Ces épreuves ne semblent donc pas étrangères dans l’harmonisation de l’album s’ouvrant par « Moon » pour s’achever par « Solstice », astre solaire à son apogée dont l’instrumentalisation entre en écho avec le premier titre. Comme la propre expérience de Björk et celles que nous éprouvons dans nos vies, la lumière du Soleil succède éternellement aux cycles de la Lune pour sortir de la nuit et générer un nouveau jour : « Best way to start-a-new Is to fail miserably Fail at loving And fail at giving Fail at creating a flow Then realign the whole And kick into the starthole To risk all is the end all and the beginning all. » (Moon).
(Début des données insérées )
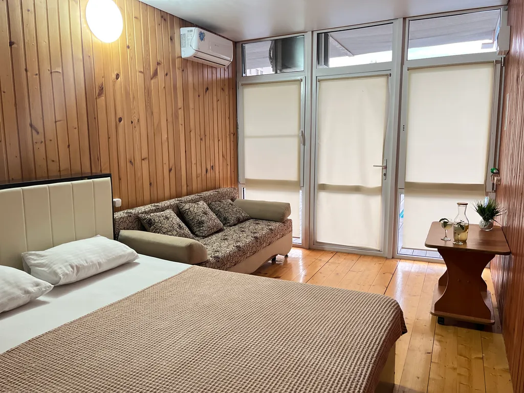 Эко номера из дерева. Одноэтажные, оборудованы всеми удобствами. Отдельный вход в каждый номер со двора.
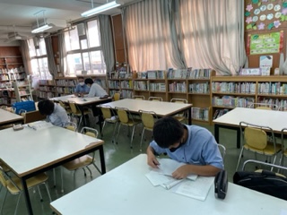 今日は、中3生が来週行われる実力テストや中間テストに向けて、課題などの学習していました。
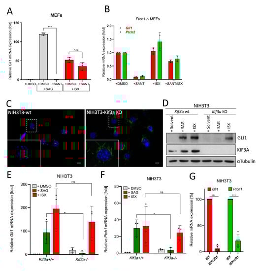 In a next step, we specifically queried the cilia-independence of ISX function. To this end, MEF cells were treated with the SMO antagonist SANT1 [28] to block Hh signaling at the level of primary cilia. As can be seen in Figure 4A (and Figure S4A), while the effects of the SMO agonist SAG were fully abrogated under SANT1 treatment (as expected), ISX was still capable of inducing Hh signaling in the presence of SMO inhibition. Similar findings were made when we used MEF cells with constitutive SMO activation due to the genetic depletion of Ptch1 [49] (Figure 4B). We continued our studies by generating NIH3T3 cells lacking Kif3a, a crucial component in cilia formation [50] (Figure 4C). In agreement with our previous data, ISX was capable of inducing GLI1 protein expression in wildtype and Kif3a knockout (KO) cells while SAG selectively lost this ability in KO cells (Figure 4D). This result was also verified on the Hh target gene level (Gli1, Ptch1) (Figure 4E,F) and could additionally be verified in transient Kif3a-knockdown experiments (Figure S4B,C). Finally, as upstream inhibition of Hh signaling by SANT1 or loss of cilia could not block ISX effects, we tested the BET-domain inhibitor JQ1, which functions at the level of GLI1/2 transcription [42]. In line with the results from our drug screen (Figure 3A), JQ1 was capable of blocking ISX function and abrogated ISX-induced Hh target gene stimulation (Figure 4G).
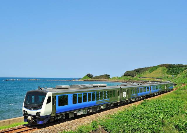 青森県川部駅と秋田県東能代駅の43駅を結ぶ五能線「リゾートしらかみ」。世界自然遺産の白神山地や、日本海の雄大な景色を堪能できます。
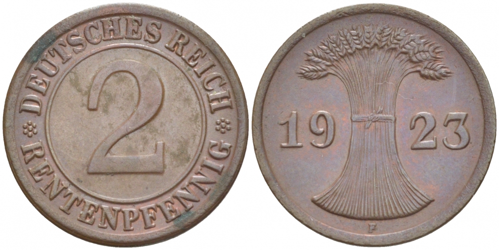 ГЕРМАНИЯ 2 РЕНТЕНПФЕННИГА 1923 F KM 31, J. 307 бронза 4532-537
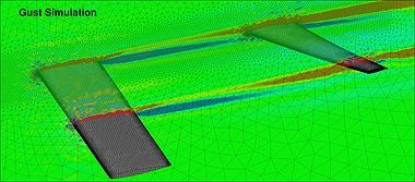 Computersimulation der Wirbel um ein Flügel- und ein Leitwerk-Modell, wie sie bei Windböen entstehen können. Rot sind stärkere Wirbel, blau solche mit umgekehrtem Drehsinn.
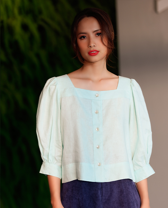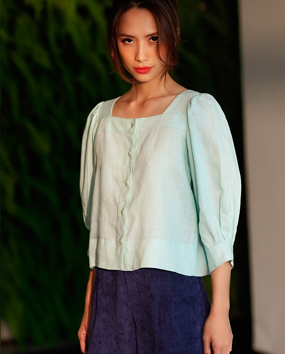 Áo Croptop Linen Aqua TOP132 Thời trang thiết kế Hity
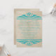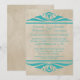 Na moda e chic Elegant Deco Wedding Invitation apresentando um par de espiral de arte deco floresce em turquesa e uma imagem de fundo texturizada em um bege suave. Este convite tem encanto rústico enquanto mantém um belo talento sofisticado. Absolutamente perfeito para o casamento temático vintage de 1920. Fácil de personalizar, basta adicionar os detalhes do casamento nos campos de texto fornecidos. Clique em "Personalizar" para encontrar mais opções de personalização, como alterar fontes ou cores de texto.
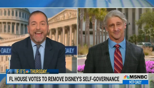 On MSNBC’s MTP Daily Thursday afternoon, host Chuck Todd and Florida-based NBC political reporter Marc Caputo wailed that Governor Ron DeSantis preparing to sign legislation revoking Disney World’s special economic status in the state had a “mafia feel.” The pair ranted that Florida was “only a good place to do business if you’re a private corporation that shares the ideology of the…

L’album s’achève alors par cette maxime : « And then you remember That you are yourself You are a light bearer, a light bearer receiving radiance from others flickering sunrise » (Solstice) comme pour mieux nous faire ressentir notre appartenance chimique et affective à cet univers et la régénérescence éternelle des molécules. Comme le disait déjà Lavoisier, « rien ne se perd, rien ne se crée, tout se transforme », Biophilia se fait alors la musique de cette alchimie.